ACTIVITY: Please reproduce exactly, and only, the lines from the one with "CUTTING CAPE ZIG-ZAG, RED" through the last line of the listing below, both ends included, leaving out the pictures.

DATA PROVIDED section start

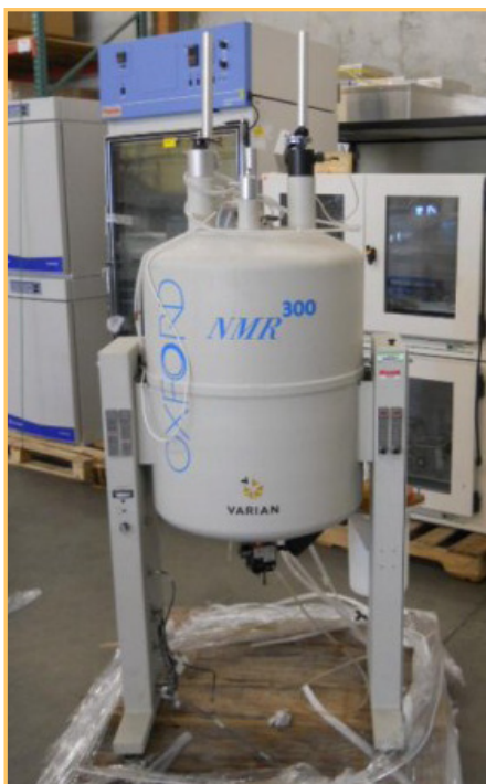
VARIAN / OXFORD NMR-300 300MHZ SPECTROMETER
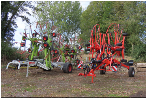
LOTS 15 & 14
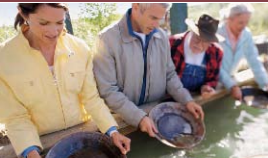
Panning for Gold
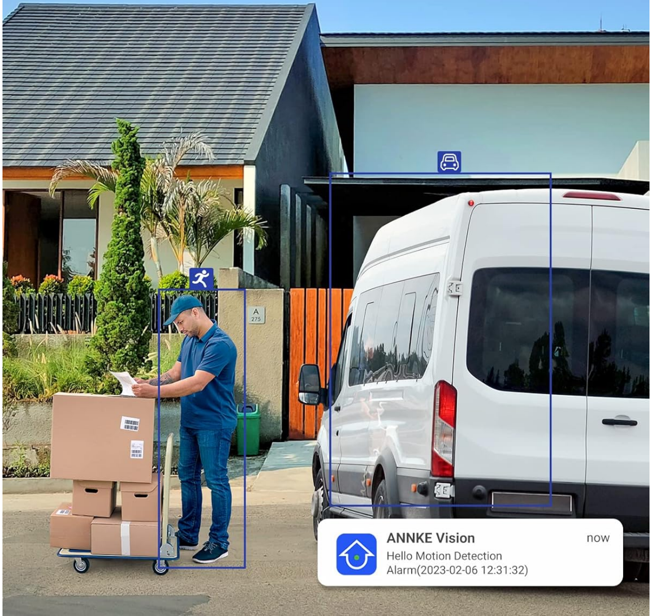
Figure 5: AI Human/Vehicle Detection
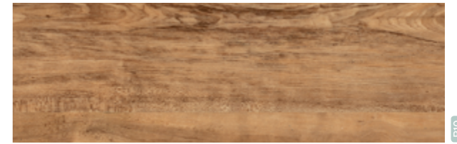
1907 Nut Tree 101 x 914mm
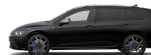
Deep Black PE
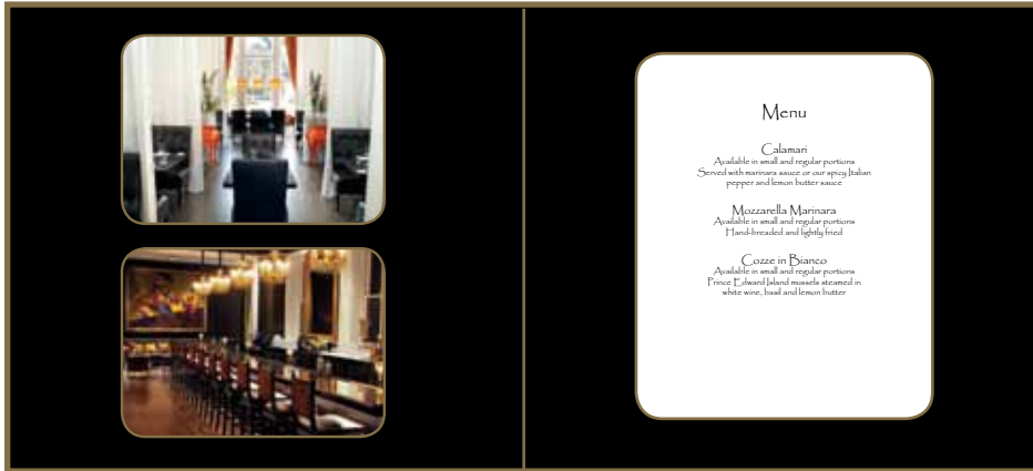
Option A (Two 5x7 inch images and menu)
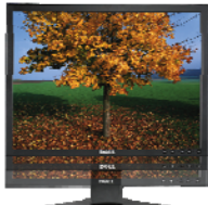
1) Height Adjustment
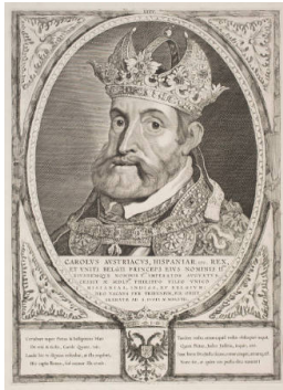
Title: Carolus Austraiacus Date: 1650 Primary Maker: Cornelis de Visscher Medium: etching and engraving on cream laid paper
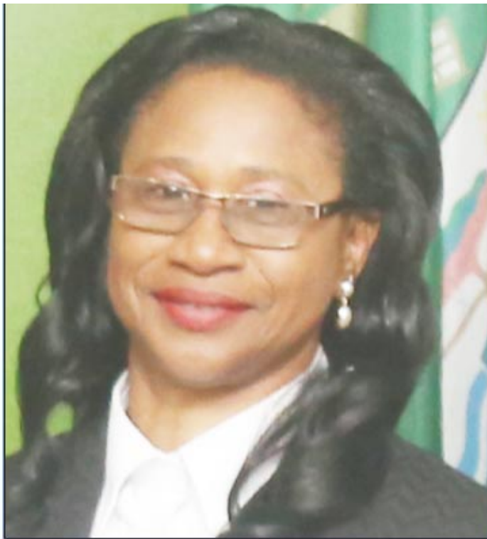
Justice Yonette Cummings-Edwards
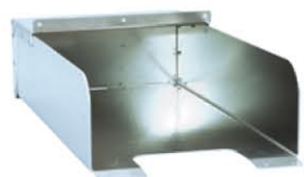
Slide In Jack Bracket ITD1284

This Full Length Shelf comes with two half shelves giving you the option to use as a half shelf or a full shelf. This ITD1287 Full Shelf Kit comes complete with two 14" deep shelves, a vertical support and all necessary mounting hardware. With our Pro Series™ Tool Box accessories there's no drilling required, just pop out the plastic plugs and bolt the shelf - it's really that easy. (Don't forget to add ITD1118 upper shelf dividers for even more organization.)
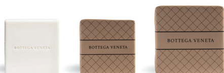
HAND WRAPPED SOAP Eau Légère

50 ml / 1,69 fl. oz 100 ml / 3,38 fl. oz
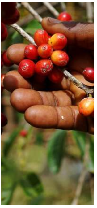
The famous Ethiopian coffee

Arrive at the destination airport in the morning.
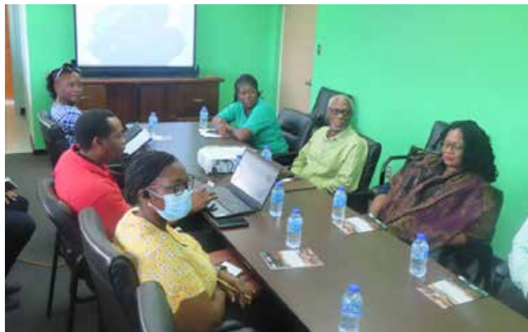
Ministries of Agriculture and Education officials meet to strategise on making the teaching of science more attractive.

She further added that the project has two overall aims; 1. To stimulate the interest of young people in forestry and biodiversity. 2. To launch a public education forum for students and adults alike, on the importance of bats in a country. These will eventually lead to the inclusion of science and related issues
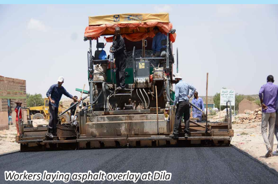
Workers laying asphalt overlay at Dila

Outcome Reduced travel times to the major towns connected by the project roads, lower vehicle operating costs with minimized motor accidents and improvement in government delivery services. Spur economic growth/activities in the areas traversed by the roads project thereby reducing the poverty levels of the roadside local communities.
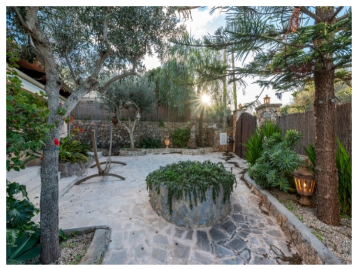
Access through a beautiful, mediterranean garden
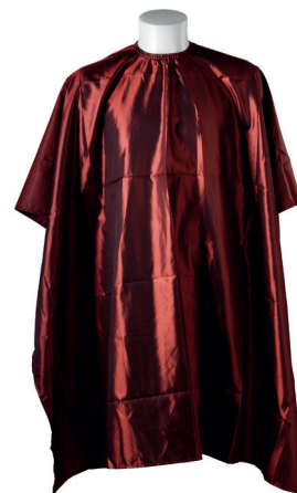
CUTTING CAPE ZIG-ZAG, RED
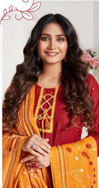
The Blast of bright colors-one of this season's most favorite fashion trends
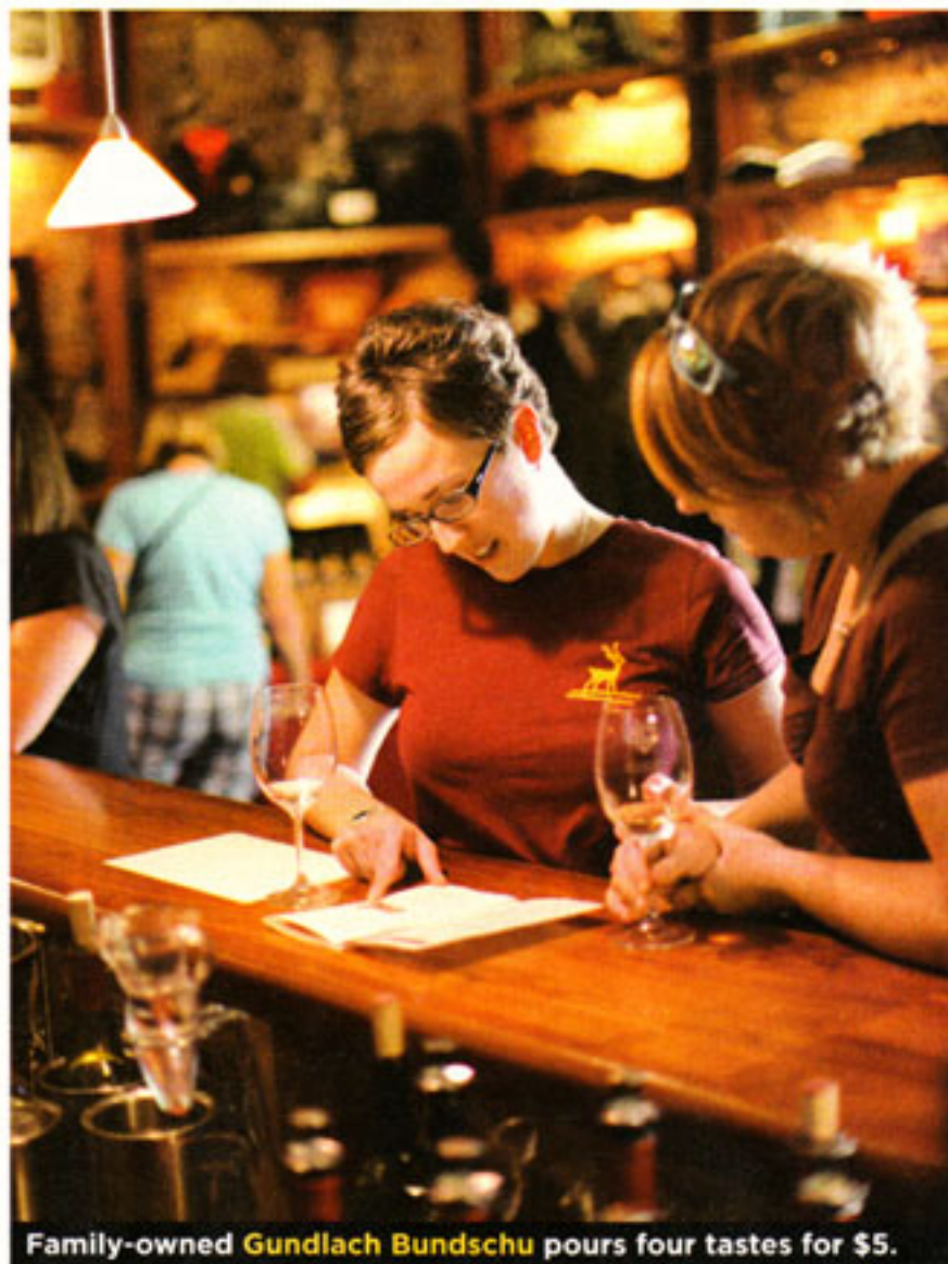
Family-owned Gundlach Bundschu pours four tastes for $5.

DATA PROVIDED section end

EXPECTED ANSWER:
CUTTING CAPE ZIG-ZAG, RED
The Blast of bright colors-one of this season's most favorite fashion trends
Family-owned Gundlach Bundschu pours four tastes for $5.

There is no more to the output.